* **Your objective**
Taking the listing below, restate word for word each line from the line with "As it turns" to the line with "15일 인천 SK행복드림구장에서", ends included, and stop there.

* **Source records**

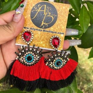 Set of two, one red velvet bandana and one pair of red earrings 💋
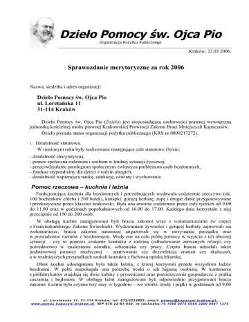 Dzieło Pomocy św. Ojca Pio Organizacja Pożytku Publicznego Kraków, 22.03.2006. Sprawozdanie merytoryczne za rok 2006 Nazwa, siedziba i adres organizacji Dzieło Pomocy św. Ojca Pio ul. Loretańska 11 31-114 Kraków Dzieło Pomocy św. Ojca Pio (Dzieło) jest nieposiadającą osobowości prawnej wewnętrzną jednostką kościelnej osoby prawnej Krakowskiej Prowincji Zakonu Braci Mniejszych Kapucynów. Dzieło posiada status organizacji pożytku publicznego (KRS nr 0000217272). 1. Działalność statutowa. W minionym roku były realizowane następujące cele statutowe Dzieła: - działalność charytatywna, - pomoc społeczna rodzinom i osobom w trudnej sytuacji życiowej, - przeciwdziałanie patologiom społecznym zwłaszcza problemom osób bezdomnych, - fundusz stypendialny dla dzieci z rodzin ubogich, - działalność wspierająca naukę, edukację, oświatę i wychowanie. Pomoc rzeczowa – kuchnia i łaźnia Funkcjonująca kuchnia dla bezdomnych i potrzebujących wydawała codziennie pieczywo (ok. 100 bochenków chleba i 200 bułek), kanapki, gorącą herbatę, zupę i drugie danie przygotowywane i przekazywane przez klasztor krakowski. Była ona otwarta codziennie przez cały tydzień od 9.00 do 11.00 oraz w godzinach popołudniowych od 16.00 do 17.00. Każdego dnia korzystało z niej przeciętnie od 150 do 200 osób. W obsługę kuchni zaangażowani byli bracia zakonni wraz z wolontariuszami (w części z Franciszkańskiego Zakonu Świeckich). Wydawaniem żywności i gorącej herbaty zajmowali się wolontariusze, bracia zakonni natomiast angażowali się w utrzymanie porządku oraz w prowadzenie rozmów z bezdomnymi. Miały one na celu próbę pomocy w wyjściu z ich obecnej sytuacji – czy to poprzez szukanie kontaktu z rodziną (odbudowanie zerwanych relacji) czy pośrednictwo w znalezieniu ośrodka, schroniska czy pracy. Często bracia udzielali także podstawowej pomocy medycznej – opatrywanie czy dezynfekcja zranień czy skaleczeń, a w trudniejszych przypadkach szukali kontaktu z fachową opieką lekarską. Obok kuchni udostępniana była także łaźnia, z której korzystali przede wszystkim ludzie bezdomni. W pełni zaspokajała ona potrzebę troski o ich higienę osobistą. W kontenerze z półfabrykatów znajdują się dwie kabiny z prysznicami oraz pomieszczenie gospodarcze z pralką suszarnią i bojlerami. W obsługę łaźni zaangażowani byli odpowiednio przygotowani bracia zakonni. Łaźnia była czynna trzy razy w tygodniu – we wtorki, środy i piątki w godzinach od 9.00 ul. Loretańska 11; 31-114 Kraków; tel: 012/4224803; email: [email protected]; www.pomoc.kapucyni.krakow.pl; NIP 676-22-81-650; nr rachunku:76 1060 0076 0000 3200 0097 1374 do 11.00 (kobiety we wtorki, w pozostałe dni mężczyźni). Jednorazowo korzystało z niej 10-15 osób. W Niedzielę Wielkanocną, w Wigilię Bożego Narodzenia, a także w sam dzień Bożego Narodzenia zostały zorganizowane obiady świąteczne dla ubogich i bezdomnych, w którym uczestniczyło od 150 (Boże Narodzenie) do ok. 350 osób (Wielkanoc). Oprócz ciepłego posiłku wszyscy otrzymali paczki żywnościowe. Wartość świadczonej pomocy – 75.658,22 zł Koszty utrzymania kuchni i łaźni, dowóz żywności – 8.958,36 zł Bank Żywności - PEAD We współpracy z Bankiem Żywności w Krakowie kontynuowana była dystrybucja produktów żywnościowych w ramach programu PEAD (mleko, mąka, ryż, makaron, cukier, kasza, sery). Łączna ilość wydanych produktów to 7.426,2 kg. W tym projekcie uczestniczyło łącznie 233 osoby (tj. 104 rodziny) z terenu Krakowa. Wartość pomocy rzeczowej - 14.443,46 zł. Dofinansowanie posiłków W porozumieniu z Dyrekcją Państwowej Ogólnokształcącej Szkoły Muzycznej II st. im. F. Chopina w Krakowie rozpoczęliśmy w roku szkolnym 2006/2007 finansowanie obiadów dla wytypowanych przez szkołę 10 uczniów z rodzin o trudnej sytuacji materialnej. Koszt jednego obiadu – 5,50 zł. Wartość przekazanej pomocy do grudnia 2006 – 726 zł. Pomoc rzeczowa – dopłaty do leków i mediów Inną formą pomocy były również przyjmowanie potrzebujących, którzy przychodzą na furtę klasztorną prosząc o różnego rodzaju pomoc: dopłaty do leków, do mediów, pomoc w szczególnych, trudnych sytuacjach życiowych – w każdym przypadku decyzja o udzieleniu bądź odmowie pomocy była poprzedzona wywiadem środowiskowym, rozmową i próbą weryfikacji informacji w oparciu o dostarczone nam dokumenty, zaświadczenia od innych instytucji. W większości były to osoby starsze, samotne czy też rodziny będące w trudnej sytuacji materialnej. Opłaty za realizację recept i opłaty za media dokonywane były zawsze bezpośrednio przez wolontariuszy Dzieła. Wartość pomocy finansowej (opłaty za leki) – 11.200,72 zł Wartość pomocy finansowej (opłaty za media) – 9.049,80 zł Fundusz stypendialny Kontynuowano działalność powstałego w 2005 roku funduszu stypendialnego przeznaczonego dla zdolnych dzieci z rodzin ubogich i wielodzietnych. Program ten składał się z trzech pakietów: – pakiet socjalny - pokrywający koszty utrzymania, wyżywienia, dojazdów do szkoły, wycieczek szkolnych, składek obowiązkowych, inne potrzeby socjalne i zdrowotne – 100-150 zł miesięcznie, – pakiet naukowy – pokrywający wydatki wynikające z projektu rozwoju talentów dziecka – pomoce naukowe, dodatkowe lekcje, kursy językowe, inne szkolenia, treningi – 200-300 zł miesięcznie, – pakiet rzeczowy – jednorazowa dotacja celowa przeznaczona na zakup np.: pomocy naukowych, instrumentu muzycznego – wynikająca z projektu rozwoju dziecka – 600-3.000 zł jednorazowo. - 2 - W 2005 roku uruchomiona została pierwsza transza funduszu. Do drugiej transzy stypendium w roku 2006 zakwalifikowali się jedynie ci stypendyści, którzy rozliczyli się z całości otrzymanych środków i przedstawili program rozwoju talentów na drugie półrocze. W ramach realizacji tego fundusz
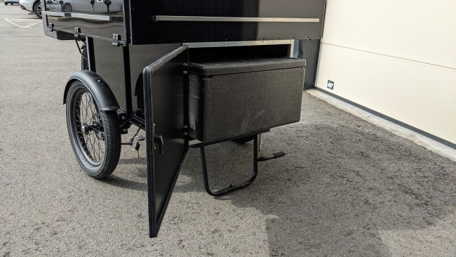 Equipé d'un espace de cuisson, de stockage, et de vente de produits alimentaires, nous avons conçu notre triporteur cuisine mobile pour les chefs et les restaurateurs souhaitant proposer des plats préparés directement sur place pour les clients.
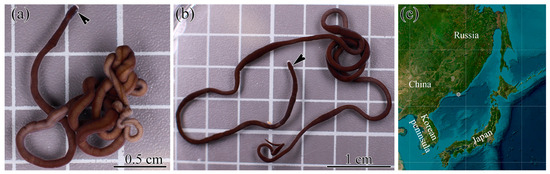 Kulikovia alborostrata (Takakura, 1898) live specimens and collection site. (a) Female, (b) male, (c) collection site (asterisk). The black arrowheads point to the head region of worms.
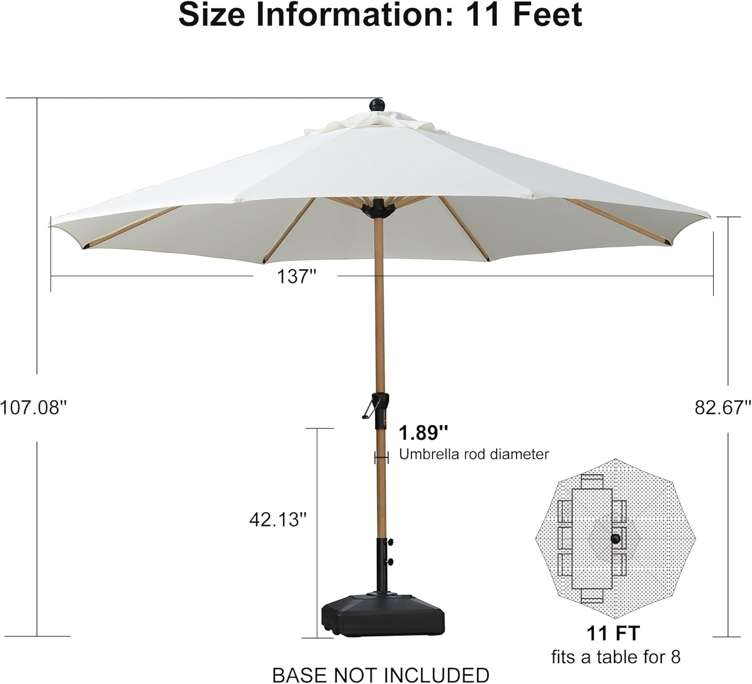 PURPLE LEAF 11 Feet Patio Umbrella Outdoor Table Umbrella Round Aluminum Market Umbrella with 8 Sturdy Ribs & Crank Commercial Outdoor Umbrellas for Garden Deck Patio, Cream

...

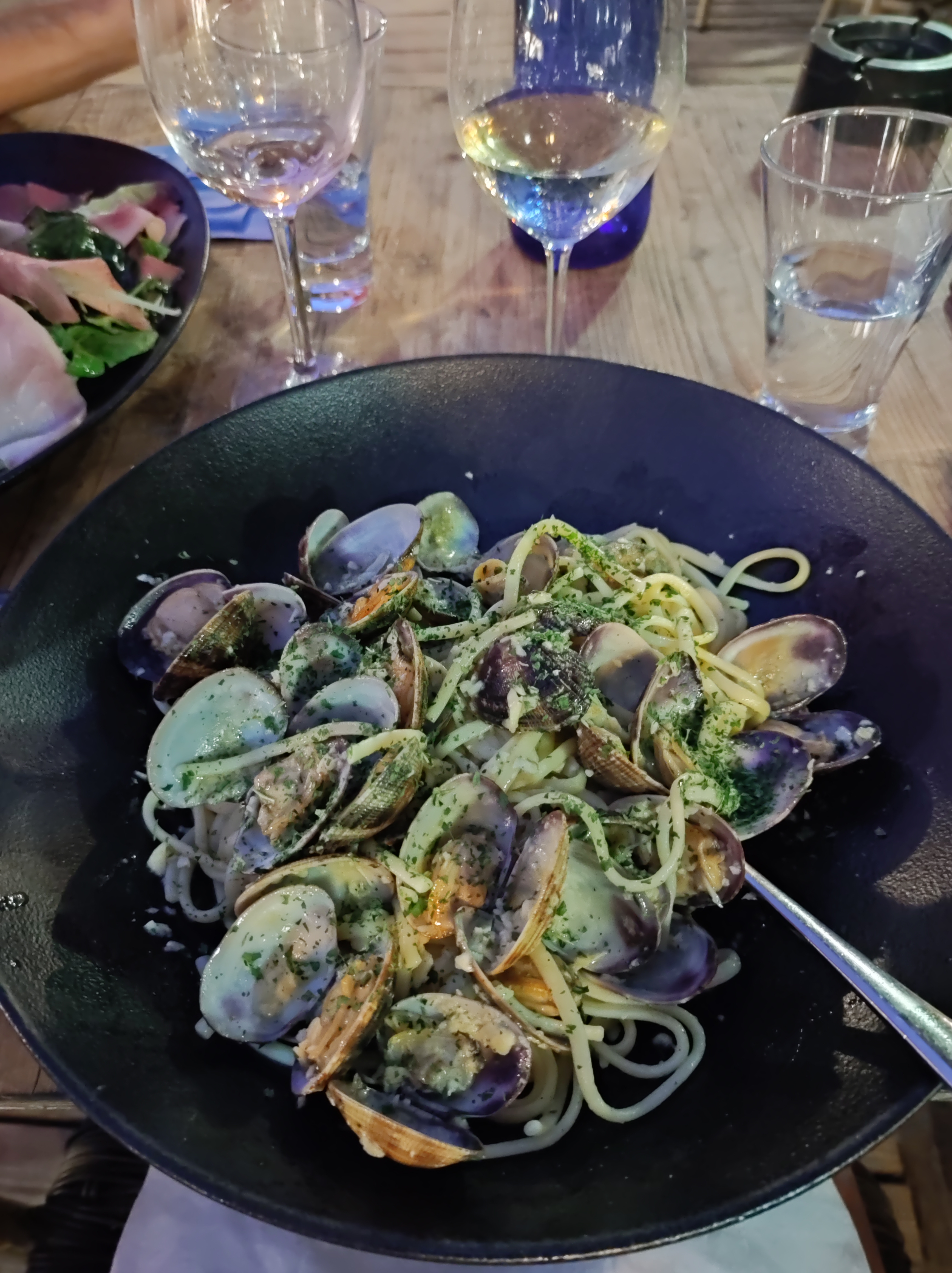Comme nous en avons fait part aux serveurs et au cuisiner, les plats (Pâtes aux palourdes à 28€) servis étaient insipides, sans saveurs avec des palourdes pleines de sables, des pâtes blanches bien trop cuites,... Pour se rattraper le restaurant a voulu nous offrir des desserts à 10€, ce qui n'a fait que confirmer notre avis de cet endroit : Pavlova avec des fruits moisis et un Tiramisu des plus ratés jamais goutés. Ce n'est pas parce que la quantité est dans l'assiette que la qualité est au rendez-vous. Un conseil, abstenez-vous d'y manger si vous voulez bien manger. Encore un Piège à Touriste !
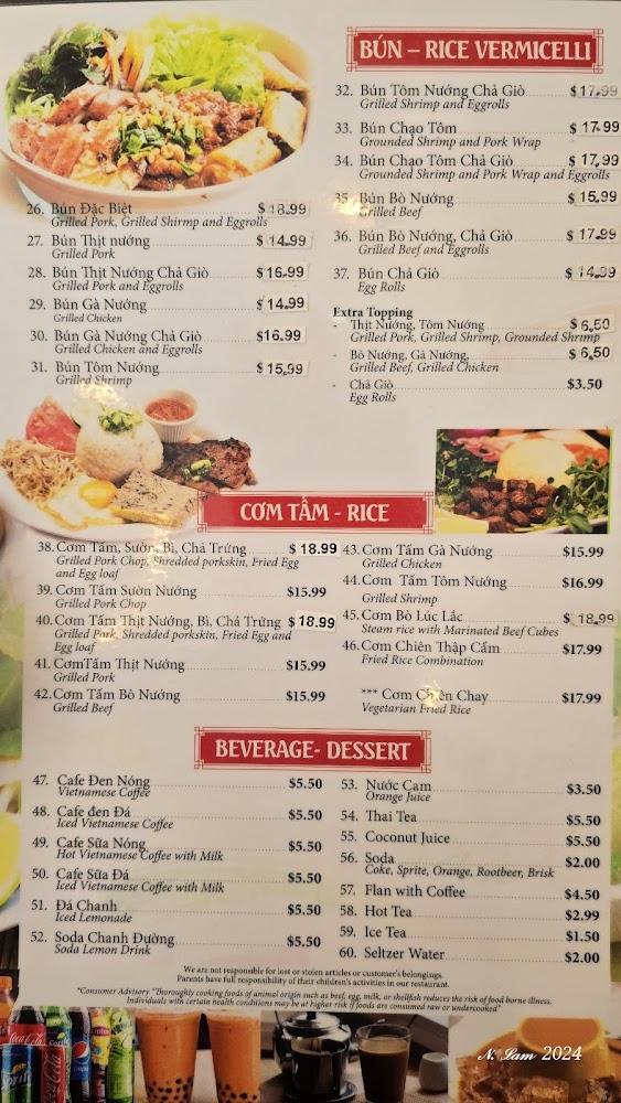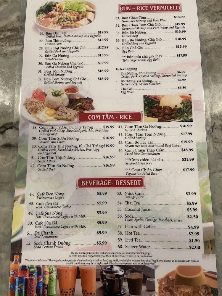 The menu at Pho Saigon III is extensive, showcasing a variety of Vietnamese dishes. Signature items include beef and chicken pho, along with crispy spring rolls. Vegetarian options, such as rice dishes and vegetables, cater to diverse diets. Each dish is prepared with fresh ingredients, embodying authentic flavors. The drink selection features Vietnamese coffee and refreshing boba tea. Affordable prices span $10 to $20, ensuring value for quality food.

...

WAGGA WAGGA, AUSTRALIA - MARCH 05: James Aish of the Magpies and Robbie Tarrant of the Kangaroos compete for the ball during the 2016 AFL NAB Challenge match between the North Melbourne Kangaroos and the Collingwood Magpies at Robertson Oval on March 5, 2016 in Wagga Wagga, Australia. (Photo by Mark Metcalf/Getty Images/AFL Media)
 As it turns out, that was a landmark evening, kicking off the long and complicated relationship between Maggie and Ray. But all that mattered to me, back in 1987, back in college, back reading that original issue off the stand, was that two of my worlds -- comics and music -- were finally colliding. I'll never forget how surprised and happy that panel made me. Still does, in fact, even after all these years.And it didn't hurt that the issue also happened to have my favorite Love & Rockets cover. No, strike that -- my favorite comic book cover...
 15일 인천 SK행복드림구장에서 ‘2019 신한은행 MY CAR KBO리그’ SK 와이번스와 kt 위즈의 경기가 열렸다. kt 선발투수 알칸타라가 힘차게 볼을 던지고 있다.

* **Your response**
 As it turns out, that was a landmark evening, kicking off the long and complicated relationship between Maggie and Ray. But all that mattered to me, back in 1987, back in college, back reading that original issue off the stand, was that two of my worlds -- comics and music -- were finally colliding. I'll never forget how surprised and happy that panel made me. Still does, in fact, even after all these years.And it didn't hurt that the issue also happened to have my favorite Love & Rockets cover. No, strike that -- my favorite comic book cover...
 15일 인천 SK행복드림구장에서 ‘2019 신한은행 MY CAR KBO리그’ SK 와이번스와 kt 위즈의 경기가 열렸다. kt 선발투수 알칸타라가 힘차게 볼을 던지고 있다.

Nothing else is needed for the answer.